**Exercise:** Drop every picture. Return the rest of the entries exactly.

**Study material:**
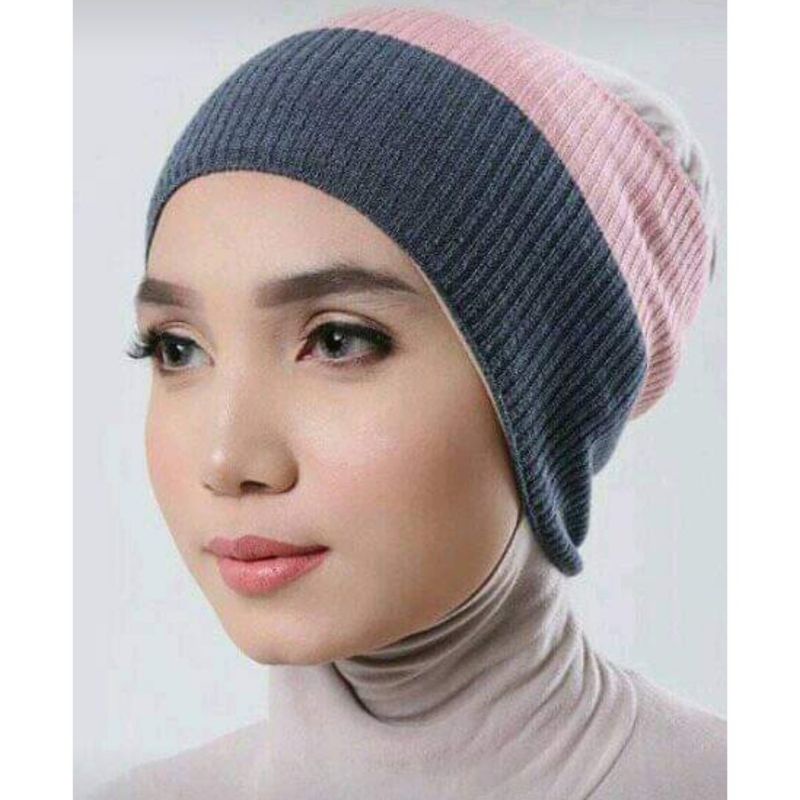 ciput rajut 2 warna anti pusing
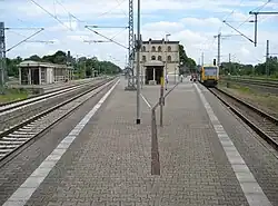 The mainline tracks of the Berlin–Hamburg line no longer have platforms. Regional trains towards Ludwigslust have to cross the track from Berlin so that they can stop on platform 1.
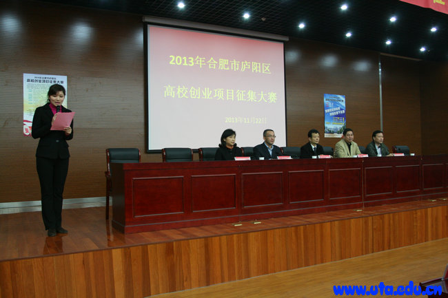 本网讯(创业服务中心通讯员 张祎) 11月22日,2013年合肥市庐阳区高校大学生创业项目征集大赛在学院图书馆三楼报告厅成功举办,学院院长亓四华出席开幕式并发表重要讲话。出席本次大赛的还有学院副院长史锋、合肥市人社局副局长王世保、庐阳区人社局局长王新成等。本次大赛的九位评委全部由合肥市创业专家志愿团的专家担任。
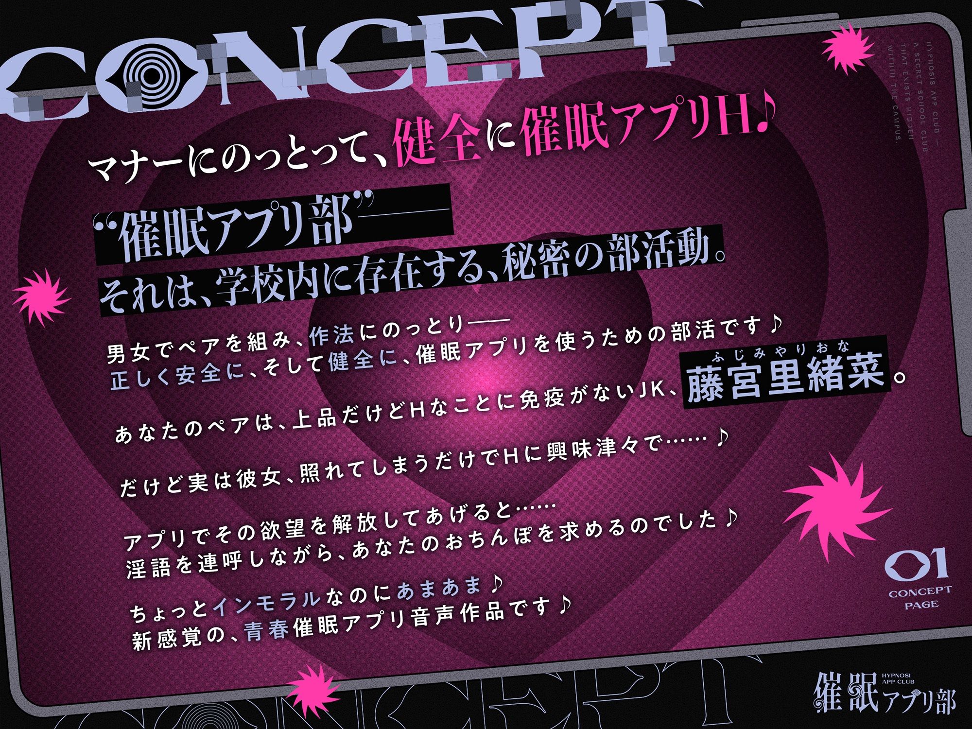合意の上で、実はおまんこ性欲満点の恥ずかしがり屋JKを催●してあまあま淫語おまんこする、‘催●アプリ部’【バイノーラル】 あらすじ
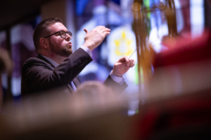Simon dirigiert die BBKMF als Projektdirigent im Herbst 2025.
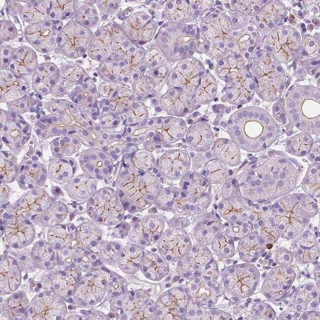 - Immunohistochemical analysis of PRR35 in human salivary gland using PRR35 Polyclonal Antibody (Product # PA5-64407) shows moderate membranous positivity in glandular cells.

**Final answer:**
 ciput rajut 2 warna anti pusing
 The mainline tracks of the Berlin–Hamburg line no longer have platforms. Regional trains towards Ludwigslust have to cross the track from Berlin so that they can stop on platform 1.
 本网讯(创业服务中心通讯员 张祎) 11月22日,2013年合肥市庐阳区高校大学生创业项目征集大赛在学院图书馆三楼报告厅成功举办,学院院长亓四华出席开幕式并发表重要讲话。出席本次大赛的还有学院副院长史锋、合肥市人社局副局长王世保、庐阳区人社局局长王新成等。本次大赛的九位评委全部由合肥市创业专家志愿团的专家担任。
合意の上で、実はおまんこ性欲満点の恥ずかしがり屋JKを催●してあまあま淫語おまんこする、‘催●アプリ部’【バイノーラル】 あらすじ
Simon dirigiert die BBKMF als Projektdirigent im Herbst 2025.
 - Immunohistochemical analysis of PRR35 in human salivary gland using PRR35 Polyclonal Antibody (Product # PA5-64407) shows moderate membranous positivity in glandular cells.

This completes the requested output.